DJ Tiiiiiiiiiip kept the energy alive, but it wasn’t until Dwynell Roland’s set began that people broke out of their small cliques and crowded the stage. The North Minneapolis rapper had the previously apprehensive crowd waving their arms, jumping up and down and screaming, “Stop, drop and ROLAND!”
By the time battle of the band finalists Early Eyes hit the stage, more people crammed into the performance room than had all night.
“I think we lucked out a lot on being on a college campus,” John O’Brien said, Early Eyes’ guitarist. “Just like the fact that we’re based out of the University of Minnesota kind of wedges us inside a community that we may not have had access to otherwise.”

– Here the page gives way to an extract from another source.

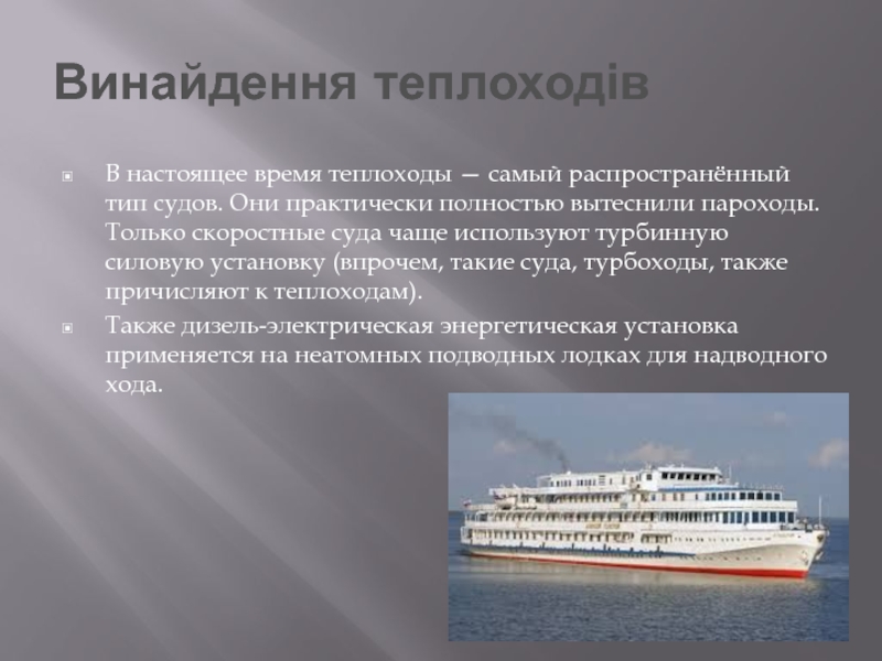 Слайд 1Теплоходи: винайдення історія теплоходів будуванння теплоходів

In addition to working on new music, collaborations and “a couple things,” that they, “can’t talk about,” over the summer, Early Eyes toured around the Midwest.

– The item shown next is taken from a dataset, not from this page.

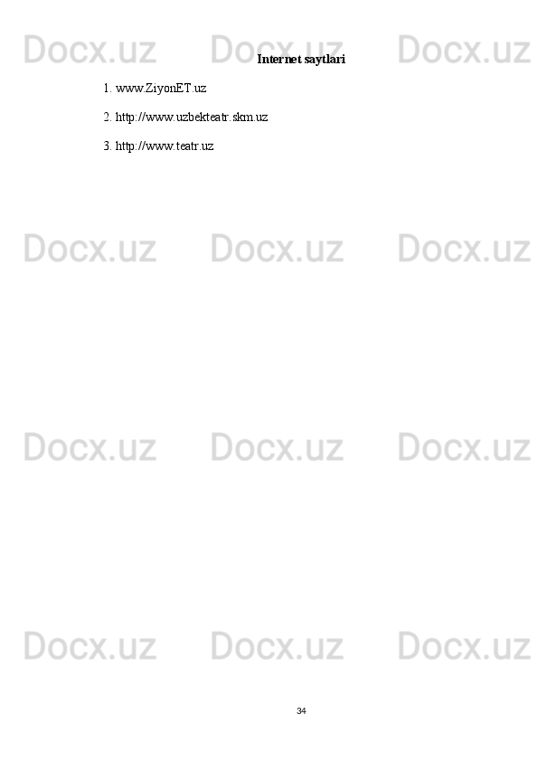 1. Sayfullayev B., Mamatqosimov J. Aktyorlik mahorati: darslik. –Toshkent:

“The furthest we made it out was Ohio and back,” Jake Berglove said, the band’s lead singer. “We drove east until we were like, ‘Oh, we might as well stop.’ Like that scene in Forrest Gump where he’s like, ‘I think I might go home.’”
Early Eyes is quickly coming up on their one year anniversary of becoming a band.
“We never sat in a room and said ‘we’re gonna go for this,’ Berglove said. “We just played music together and never tried to be any sort of pretentious or petty and just let music come forth.”
The band, which now includes five members, invited a friend and local vocalist, Sophia Cruz, to join them on stage for the night.
WAM-O-RAMA didn’t just put on a good show — they also managed to break some stereotypes about museum culture.
“I’m from California and just going to art museums is not a popular thing at all to do, and it’s just like not considered cool I guess,” Sydney Kanter said, freshman and Sociology of Law, Crime and Deviance major. “People here are really into everything and I think that’s really amazing.”